На следующее утро я расстался с ним и Фрэнсис Элизабет. Им не удалось дотащить до Линколнз-Инн-Филдз ни стол, ни походную кровать, поэтому все, что тащила на себе Плясунья, пришлось выложить прямо на землю. Видеть их в окружении незаконченных портретов, медных кастрюль и стоптанной обуви было бы грустно, если б они не выглядели такими веселыми. Я думал, что утрата дома повергнет их в отчаяние, но этого не случилось. Кажется, они открыли для себя, что дом не просто место, где они жили и вели коммерческую деятельность, начавшую приносить доходы, — на его территории родилась их взаимная симпатия и привязанность. Уезжая от них. я не сомневался, что при следующей встрече, где бы она ни состоялась, я вновь увижу их вместе, и мне представлялась комната с низким потолком, в которой пахнет красками, и они в постели вдвоем подсчитывают выручку.
Я потратил целый день на объезд района пожара, забирая как можно дальше на север, чтобы не наглотаться дыма, но к вечеру подъехал к Тауэру и оттуда увидел, что группа высоких домов, среди которых был и дом ростовщика, стоит не тронутая огнем. И тогда я прошептал в раскаленный воздух благодарственную молитву.
В доме меня встретил сам хозяин, он провел меня в кабинет, где вел бухгалтерию, показал новые весы и гири, которыми очень гордился; «точность, — сказал он, — моя страсть, ведь все в мире можно в какой-то степени взвесить и измерить, вы согласны?»
Я уже собирался открыть рот и сказать, что не верю в это, но тут в комнату вошла его жена, неся на руках бодрствующую Маргарет, девочка не была туго запелената, как в прошлый раз, а просто завернута в шаль, на ее головке был прехорошенький чепчик.
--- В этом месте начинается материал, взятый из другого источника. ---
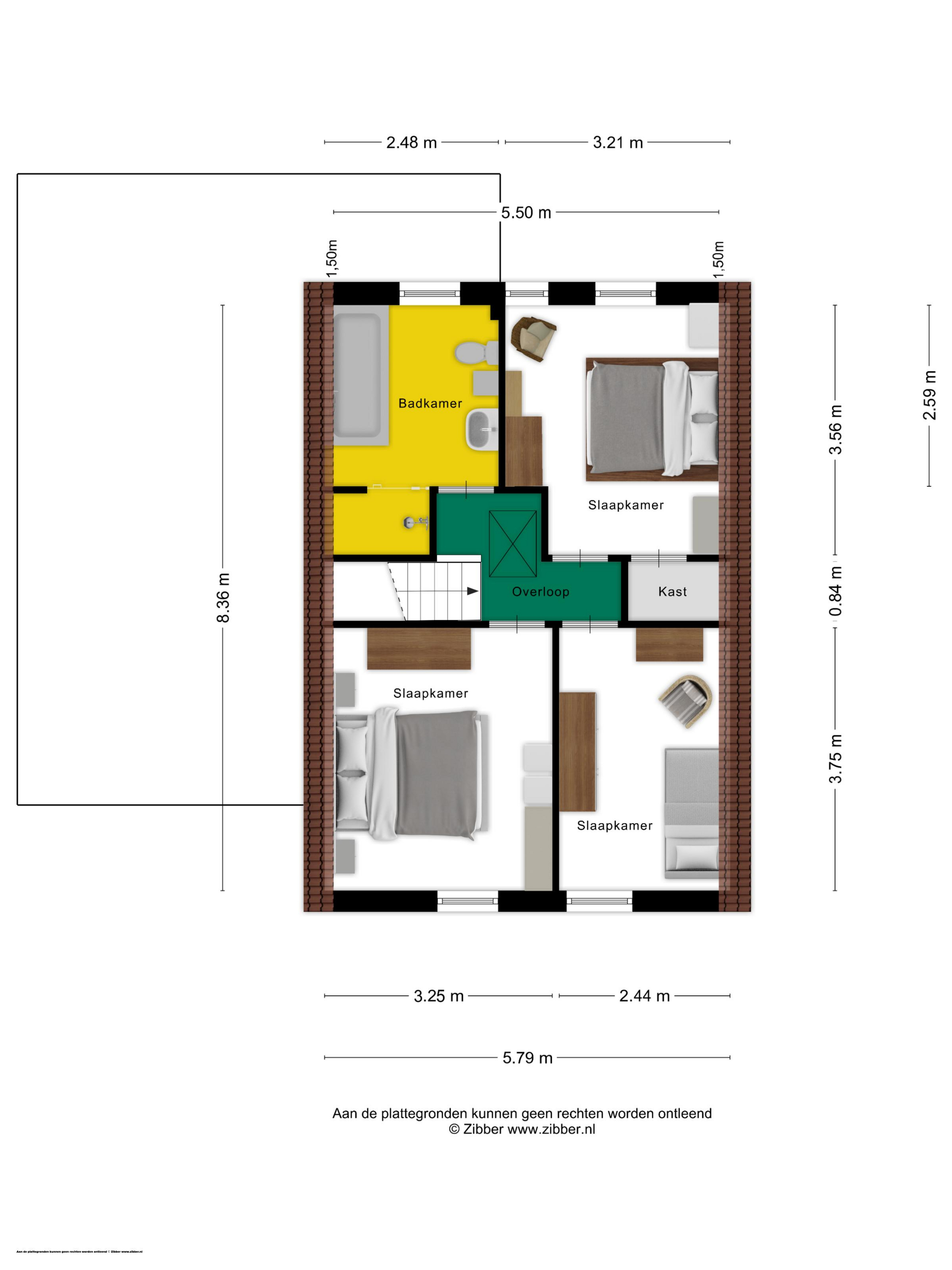 De hardhouten trap verbindt de hal met de overloop, waaraan drie slaapkamers en de badkamer grenzen. Op bijna de hele verdieping ligt tapijt op de vloer en het schuine dak begint op een fijne hoogte, waardoor de slaapkamer heel ruim zijn.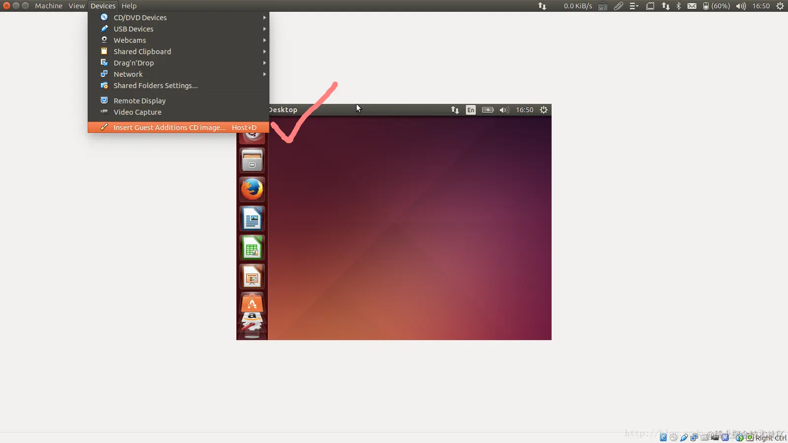我们发现当我们把Ubuntu OS安装好后,界面的分辨率是不对的。我们没法把它的分辨率调到我们的主屏幕的分辨率。这时我们需要安装Extensions。

Кормилица заговорила о пожаре и о том, как она с мужем и все дети долго стояли на коленях и молились, чтобы направление ветра не изменилось. Рассказывая, она передала мне Маргарет. Впервые я держал дочь на руках или, лучше сказать, впервые вообще взял в руки младенца, толком не зная, следует ли ее держать на сгибе руки, или привалить к плечу, или еще как. Поэтому я сел на жесткий стул, куда садились клиенты ростовщика, положил Маргарет на колени и стал ее рассматривать. Она заметно подросла, ее личико было круглое, как луна. Я увидел большие ясные глазки, которые серьезно взирали на меня, потом она задрыгала под шалью ножками и стала пускать пузыри.
«Посмотрите на ее волосы, сэр, — сказала кормилица. — Горят огнем». Она склонилась над малышкой, оттянула край чепчика, и я увидел рыжие кудряшки. Осторожно коснувшись их, я почувствовал под рукой живое тепло детской головки.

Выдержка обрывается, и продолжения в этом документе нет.